3 · Reference the tool from a spec¶
Create examples/lookup_agent.yaml:
version: v1
agent:
name: directory-agent
system_prompt: |
You answer questions by looking up users with the lookup_user tool.
Return concise, factual answers.
model:
provider: openai
name: gpt-4o-mini
strategy:
type: react
max_iterations: 4
runtime_preferences:
preferred_mode: bridge
allowed_modes: [bridge]
tools:
include: [lookup_user]
workflow:
type: sequential
name: lookup-pipeline
steps:
- id: answer
kind: agent
ref: directory-agent
The tools.include list names tools the agent is allowed to call.
Names must match what we registered in step 2. Validate the spec:
If you see E_UNKNOWN_TOOL, the spec is referencing a name that isn't
in the registry. Re-check step 2 — the registry must include
lookup_user before SpecCompiler runs.
4 · Run the agent¶
When using a custom factory, drive the agent through Python rather
than the bare kneo run command — the CLI's default platform
manager does not include your custom tool.
# examples/run_lookup.py
from examples.my_factory import build_platform
def main() -> None:
manager = build_platform()
result = manager.run_from_spec(
input_text="What's the email for u-002?",
spec_path="examples/lookup_agent.yaml",
target="workflow",
)
print(f"run_id={result.run_id}")
print(result.output_text)
if __name__ == "__main__":
main()
Run it:
Expected output (model wording will vary):
If the agent didn't call the tool, increase max_iterations or refine
the system prompt to instruct tool use.
5 · Inspect the call in trace and audit¶
The tool call shows up in the run trace. Capture the run_id the
script prints and pass it to kneo runs trace:
Look for tool_call_started and tool_call_completed events with
tool_name: "lookup_user". Tool arguments and results are not in
the trace by default — they're redacted at write time. To capture
them in OpenTelemetry spans for a specific deployment, opt in with
KNEO_SERV_OTEL_RECORD_ARGUMENTS=true and
KNEO_SERV_OTEL_RECORD_RESULTS=true (only after a data-classification
review; see environment.md § Observability).

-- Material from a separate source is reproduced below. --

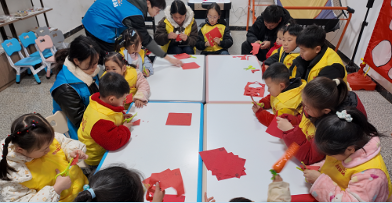 志愿者手把手指导孩子们剪纸

The audit log records the run (not individual tool calls) at
run.created / run.cancelled / run.continued. Tool arguments are
not persisted in audit events under any flag — see
production_readiness_review.md § Audit Payload Review.
6 · Lock down the tool with policy¶
For production, restrict what the agent can do with your tool. Add to
the spec under agent:
agent:
# ... existing fields ...
policies:
tool:
allow:
- lookup_user
deny: []
network: false
filesystem: false
shell: false
The guarded registry blocks every tool not in allow, and
diagnostics check that registered tools don't claim capabilities
(network, filesystem, shell) inconsistent with the policy.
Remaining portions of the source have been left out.